| What to produce |
Since the copy must hold text only, transcribe the data below exactly and omit the images.

| Stored data |

+===+

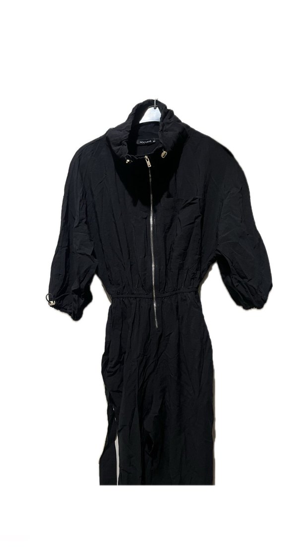 Kadın siyah keten uzun tulum, yüksek yakalı, kısa kollu ve bol kesimdir. Fermuarlı önde ve minimalist sokak stiliyle günlük kullanıma uygundur.
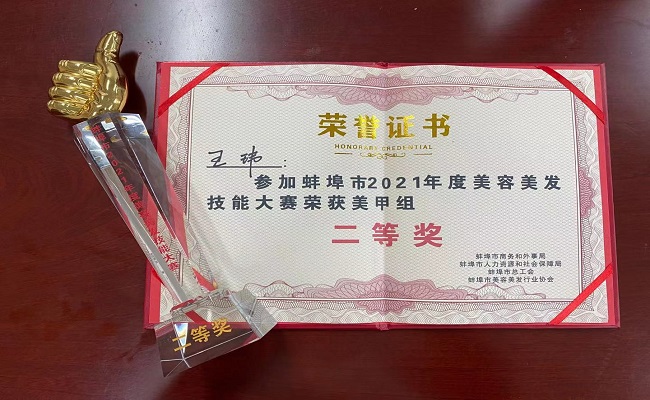 公共服务系教师王玮(女)代表我校参与美甲组比赛,荣获二等奖的优异成绩,充分展示了我校教职工的技能水平。此外,人物形象专业学生现场观摩学习,开拓了眼界,极大地激发了学习热情。(公共服务系 撰稿:安闯 审核:常伟伟)
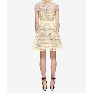 NEW Self-Portrait Crosshatch Paneled Mini Dress in Yellow

+===+

| Solution below |
 Kadın siyah keten uzun tulum, yüksek yakalı, kısa kollu ve bol kesimdir. Fermuarlı önde ve minimalist sokak stiliyle günlük kullanıma uygundur.
 公共服务系教师王玮(女)代表我校参与美甲组比赛,荣获二等奖的优异成绩,充分展示了我校教职工的技能水平。此外,人物形象专业学生现场观摩学习,开拓了眼界,极大地激发了学习热情。(公共服务系 撰稿:安闯 审核:常伟伟)
 NEW Self-Portrait Crosshatch Paneled Mini Dress in Yellow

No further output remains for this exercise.